- **Source data**

====================

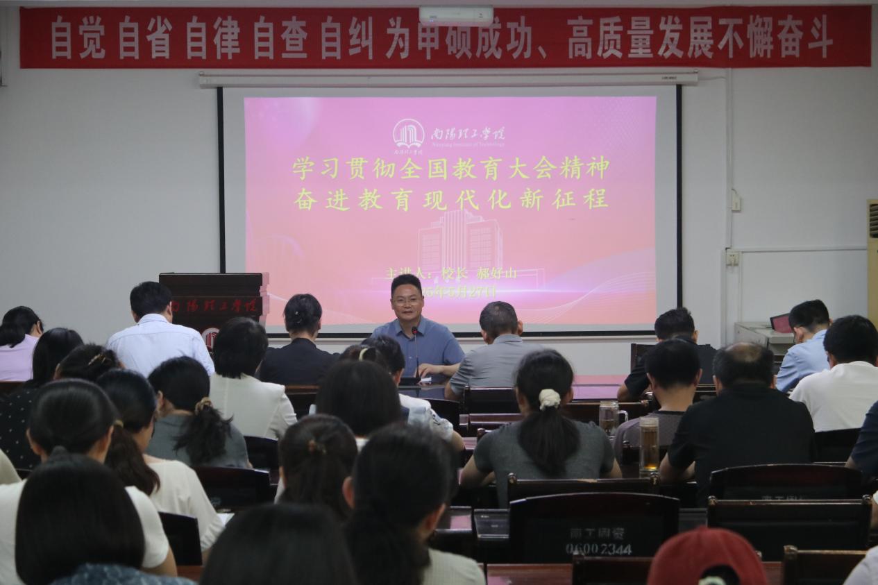 郝好山以《学习贯彻全国教育大会精神 奋进教育现代化新征程》为题,为师生代表讲授思政课。他围绕深入贯彻全国教育大会精神,落实《教育强国建设规划纲要(2024—2035年)》主题,结合新时代我国教育事业取得的历史性成就、发生的格局性变化,联系自身实际,阐述教育强国的科学内涵和基本路径,以及教育强国建设要正确处理好的重大关系、全面推进强国建设的战略任务和重大举措。他勉励学院师生要始终坚持以习近平总书记安博官方网页版教育的重要论述为指导,树立远大理想、精进业务本领、锤炼意志品质、赓续优良传统。进一步坚定建设高水平应用型理工大学的自信和自觉,不断增强使命感和责任感。充分发挥学院人才培养优势和特色,潜心立德树人,执着攻坚克难。为加快推进教育强国、科技强国建设,提升有组织科研水平、办学层次和应用型人才培养质量作出更大贡献。
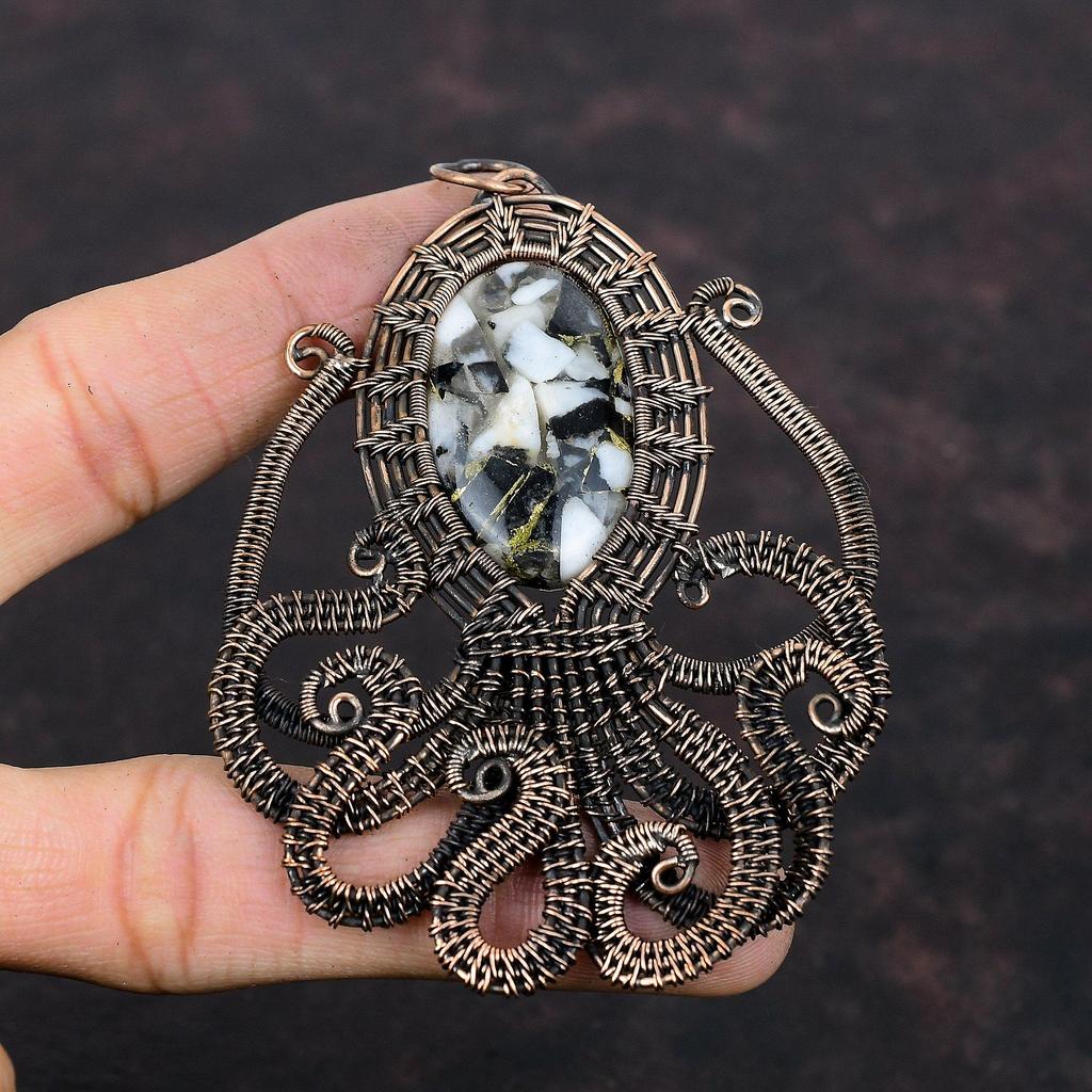 Copper Black & White Turquoise Pendant Copper Wire Wrapped Pendant Gemstone Copper Jewelry Handmade Octopus Pendant Elegant Pendant For Gift
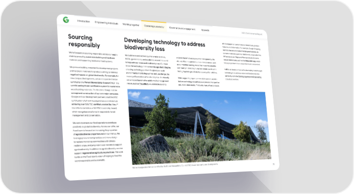 Introduction Empowering individuals Working together Operating sustainably Governance and engagement Appendix 2023 Environmental Repo爀琀 aim to engage our users in nature-related tools, product Sourcing Developing technology to address features, and information. For example, Google Shopping restricts the sale and trade of endangered species via responsibly biodiversity loss content moderation policies. Additionally, we provide free API access to our Maps and Places products for some nature-related uses, such as the iNaturalist app, which We’re focused on sourcing responsibly across our supply We build tools and technology that enable pa爀琀ners, solution that improves supply chain transparency. We helps people learn more about their local environment. chain by procuring sustainable building and hardware NGOs, governments, and academics around the world also use AI to help pa爀琀ners unlock new advances, such materials and suppo爀琀ing biodiverse food systems. to help address nature and biodiversity loss. Our most as our machine learning model that helps the scienti昀椀c Additional details on how we’re developing breakthrough impac琀昀ul technology in this area is Google Ea爀琀h Engine, community in detecting humpback whale sounds, or in technologies to address nature and biodiversity loss We procure building materials for development projects a leading technology pla琀昀orm for planetary-scale 昀椀nding hopeful signs of wildlife recovery a昀琀er wild昀椀res. can be found in the Working together and Empowering and hardware materials for products aiming to minimize environmental monitoring such as land use change, the individuals sections. negative impacts on global biodiversity. For example, for most signi昀椀cant driver of biodiversity loss. Additionally, While suppo爀琀ing expe爀琀 pa爀琀ners is impo爀琀ant, we also new campus developments, we’ve incorporated timber we’ve helped launch other pla琀昀orms that help protect believe technology should help everyone do their pa爀琀 for ce爀琀i昀椀ed by the Forest Stewardship Council (FSC)—the nature, such as TraceMark, a sustainable sourcing nature and biodiversity. That’s why many of our products world’s leading forest ce爀琀i昀椀cation system for sustainable wood building materials. The 昀椀rst time Google led the concept and construction of our own major campuses, Google and our development pa爀琀ners prioritized FSC ce爀琀i昀椀cation of all new wood purchased and installed, achieving over 96% FSC-ce爀琀i昀椀ed wood at Bay View. 141 Our e昀昀o爀琀s earned us a 2021 FSC Leadership Award, which recognizes excellence in responsible forest management and conservation. We work to ensure our food operations contribute positively to global biodiversity. Across our cafes, our Food team is focused on increasing the propo爀琀ion of agrobiodiverse crops featured on our menus. We leverage procurement practices and menu design to replace monocrop commodities with climate- resilient crops, and jump-sta爀琀 local markets to suppo爀琀 agrobiodiversity. In addition to agrobiodiversity, we also suppo爀琀 regenerative agriculture practices. This work builds on the Food team’s vision of helping to feed the world responsibly and sustainably. We’ve incorporated timber ce爀琀i昀椀ed by the Forest Stewardship Council (FSC) in our new campuses developments. 71
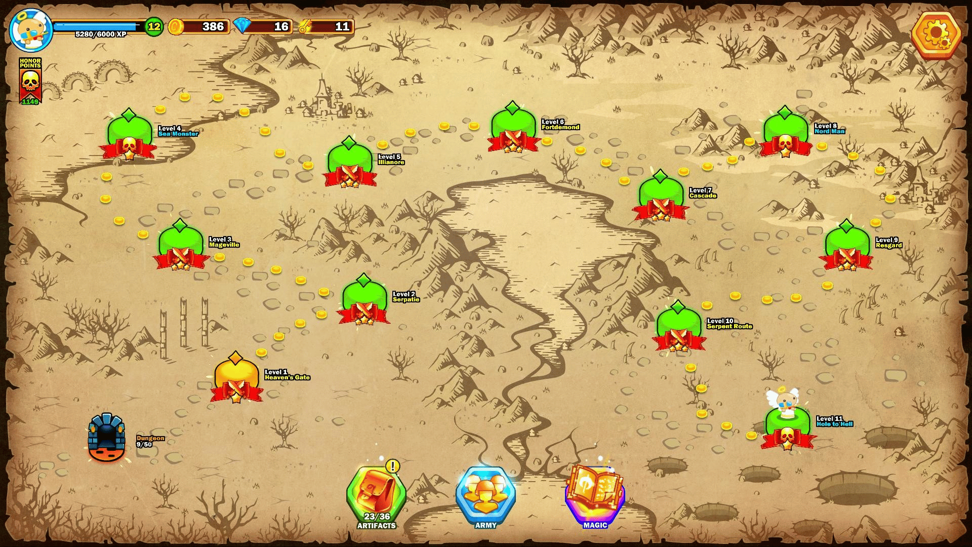 Play as Heaven or Hell in this semi-turn-based action strategy game. Gather your army, Challenge evil monsters, use magic and collect keys on your way to Victory!

====================

- **Task to carry out**
Reproduce the material in full, word for word, and omit the pictures.

- **Reply**
 郝好山以《学习贯彻全国教育大会精神 奋进教育现代化新征程》为题,为师生代表讲授思政课。他围绕深入贯彻全国教育大会精神,落实《教育强国建设规划纲要(2024—2035年)》主题,结合新时代我国教育事业取得的历史性成就、发生的格局性变化,联系自身实际,阐述教育强国的科学内涵和基本路径,以及教育强国建设要正确处理好的重大关系、全面推进强国建设的战略任务和重大举措。他勉励学院师生要始终坚持以习近平总书记安博官方网页版教育的重要论述为指导,树立远大理想、精进业务本领、锤炼意志品质、赓续优良传统。进一步坚定建设高水平应用型理工大学的自信和自觉,不断增强使命感和责任感。充分发挥学院人才培养优势和特色,潜心立德树人,执着攻坚克难。为加快推进教育强国、科技强国建设,提升有组织科研水平、办学层次和应用型人才培养质量作出更大贡献。
 Copper Black & White Turquoise Pendant Copper Wire Wrapped Pendant Gemstone Copper Jewelry Handmade Octopus Pendant Elegant Pendant For Gift
 Introduction Empowering individuals Working together Operating sustainably Governance and engagement Appendix 2023 Environmental Repo爀琀 aim to engage our users in nature-related tools, product Sourcing Developing technology to address features, and information. For example, Google Shopping restricts the sale and trade of endangered species via responsibly biodiversity loss content moderation policies. Additionally, we provide free API access to our Maps and Places products for some nature-related uses, such as the iNaturalist app, which We’re focused on sourcing responsibly across our supply We build tools and technology that enable pa爀琀ners, solution that improves supply chain transparency. We helps people learn more about their local environment. chain by procuring sustainable building and hardware NGOs, governments, and academics around the world also use AI to help pa爀琀ners unlock new advances, such materials and suppo爀琀ing biodiverse food systems. to help address nature and biodiversity loss. Our most as our machine learning model that helps the scienti昀椀c Additional details on how we’re developing breakthrough impac琀昀ul technology in this area is Google Ea爀琀h Engine, community in detecting humpback whale sounds, or in technologies to address nature and biodiversity loss We procure building materials for development projects a leading technology pla琀昀orm for planetary-scale 昀椀nding hopeful signs of wildlife recovery a昀琀er wild昀椀res. can be found in the Working together and Empowering and hardware materials for products aiming to minimize environmental monitoring such as land use change, the individuals sections. negative impacts on global biodiversity. For example, for most signi昀椀cant driver of biodiversity loss. Additionally, While suppo爀琀ing expe爀琀 pa爀琀ners is impo爀琀ant, we also new campus developments, we’ve incorporated timber we’ve helped launch other pla琀昀orms that help protect believe technology should help everyone do their pa爀琀 for ce爀琀i昀椀ed by the Forest Stewardship Council (FSC)—the nature, such as TraceMark, a sustainable sourcing nature and biodiversity. That’s why many of our products world’s leading forest ce爀琀i昀椀cation system for sustainable wood building materials. The 昀椀rst time Google led the concept and construction of our own major campuses, Google and our development pa爀琀ners prioritized FSC ce爀琀i昀椀cation of all new wood purchased and installed, achieving over 96% FSC-ce爀琀i昀椀ed wood at Bay View. 141 Our e昀昀o爀琀s earned us a 2021 FSC Leadership Award, which recognizes excellence in responsible forest management and conservation. We work to ensure our food operations contribute positively to global biodiversity. Across our cafes, our Food team is focused on increasing the propo爀琀ion of agrobiodiverse crops featured on our menus. We leverage procurement practices and menu design to replace monocrop commodities with climate- resilient crops, and jump-sta爀琀 local markets to suppo爀琀 agrobiodiversity. In addition to agrobiodiversity, we also suppo爀琀 regenerative agriculture practices. This work builds on the Food team’s vision of helping to feed the world responsibly and sustainably. We’ve incorporated timber ce爀琀i昀椀ed by the Forest Stewardship Council (FSC) in our new campuses developments. 71
 Play as Heaven or Hell in this semi-turn-based action strategy game. Gather your army, Challenge evil monsters, use magic and collect keys on your way to Victory!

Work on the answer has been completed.